Wednesday, March 19, 2008

I'll Vote for Obama

Some while back, I declared here that Obama lost my support when he chose to campaign in South Carolina with an anti-GLBT activist. Since then, Obama has come out publicly as our supporter. In late February, he wrote a public letter to the GLBT community. Its concluding paragraph reads:

Americans are yearning for leadership that can empower us to reach for what we know is possible. I believe that we can achieve the goal of full equality for the millions of LGBT people in this country. To do that, we need leadership that can appeal to the best parts of the human spirit. Join with me, and I will provide that leadership. Together, we will achieve real equality for all Americans, gay and straight alike.
I believe that's an accurate assessment of the frame of mind that will be required to advance us to equal footing in law and in legislated benefits such as those governing Social Security, Medicare/Medicaid, the federal income tax, military spouse survivorship, hospital visitation, etc.

Of course that's not all that will be required, by far. And he knows that. Obama's letter spells out where he stands on specific GLBT issues, and what his White House can be expected to do in our support.

So I've forgiven his foray into South Carolina with Donnie McClurkin.

In the interim, I've also had a great deal of exposure to Obama and to Clinton. As Obama has risen in my esteem, Clinton has fallen. I will spare you a lengthy play-by-play, and instead offer the seven chief reasons that finally persuade me to support Obama.

1. Judgment: I agree with Obama that judgment is the crucial variable in any President. All presidents have expert advisors. The president's judgment, and his or hers alone, is what, in the end, sorts them out and chooses a course to pursue. Not only Obama's stance on the war, but also his decision about how to run and nuance his campaign illustrate good judgment that's also far more in tune with Americans' longterm best interests than any other candidate's. That same judgment informed the content and tone of his speech on race delivered in response to critics of Rev. Jeremiah Wright and Obama's association with him. Obama took this low-life diversion to the level of worthy discourse, and did so in a way that affirmed people--even people with serious issues about race--and summoned us to a better place: "The union will never be perfect, but it can always be perfected." Lincoln, too, was a first-term legislator when he took the presidency in circumstances that could hardly have been direr. I think Obama is cut from that rare cloth.

2. Leadership: That speech also demonstrated courageous leadership. Americans on the whole are not comfortable with a candid discussion of race, and politicians, with rare exceptions, avoid it like the plague. No so Obama. To his credit, even when his campaign is on the line, he stepped up and led. We're not used to that. We're used to hops and dodges and platitudes on Martin Luther King, Jr. Day. We're not used to a politician who can convert a race-based attack into a national growth opportunity.

While there remain issues about which I disagree with Obama or about which I want more information from him (free trade, privatization, the balance of powers, constitutional safeguards, FISA, etc.), the issues that I have heard him discuss give me reason to believe that he'll come down somewhere that I can live with.

3. Cool under fire: One of the things I like most about Obama is that he is unbelievably calm under fire.

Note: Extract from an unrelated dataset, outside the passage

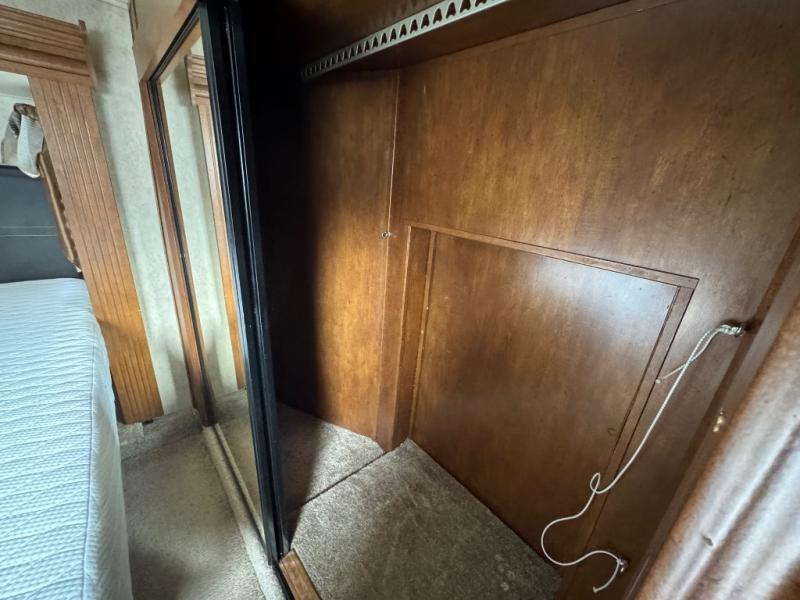 The front bedroom has a king bed slide with a nightstand and wardrobe. There is a large wardrobe located along the front wall. You will also find a dresser.

If he's going to have his finger on the nuclear trigger and his mouth at this end of the red phone, I want cool, calm, reason, and diplomacy. I've seen him exhibit precisely these characteristics repeatedly.

4. Common Decency: Time and again, Obama has reached out to the enemy, behaved with dignity and courtesy in the face of just the opposite, and comported himself with a nobility that I think will grace the Oval Office. And not a minute too soon. He is modeling for us the demeanor that he expects of us. That's also leadership of a very high order.

5. Change: I agree that we desperately need change in Washington. I must trust that Obama is what he says he is with respect to bought-and-paid-for lawmaking, but I will take that chance. Compared with McCain, Obama is a whole new world. Compared with Clinton, he's a refreshing outsider with enough experience in Washington to know how to get around town. On a more serious note, Obama's appeal to the best in the nation is desperately, desperately needed. We have generations of youngsters to teach about government in the interest of the people. I think Clinton is sullied by some of her own decisions and by the myths energetically generated by the Right about "The Clintons." I think the nation really is weary of both the Bushes and the Clintons, and wants and needs precisely the qualities that Obama uniquely brings to us.

6. Race and Heritage: I don't know of anything that can both mark growth on this nation's part and help this country address its racism than having a man of mixed race who identifies as Black in the White House. I think his multiracial and multinational heritage equip him uniquely as a symbol and as a negotiator on the world stage, and I believe the rest of the world will respond very positively to this President. While I think Clinton would attract global support as well, and know that McCain would be met as the anathema he is, I think Obama has the "face validity" to move us light years ahead in global diplomacy and domestic social accord.

7. Electability: Yes, he'll mobilize white racists and the far Right, at the risk of being redundant. So will Hillary. But Obama will bring whole new cohorts to the polls, and Clinton will not. If the White House and "Justice" Department are not tapping the campaign's phones and rigging the vote, Obama will be the next President of the United States.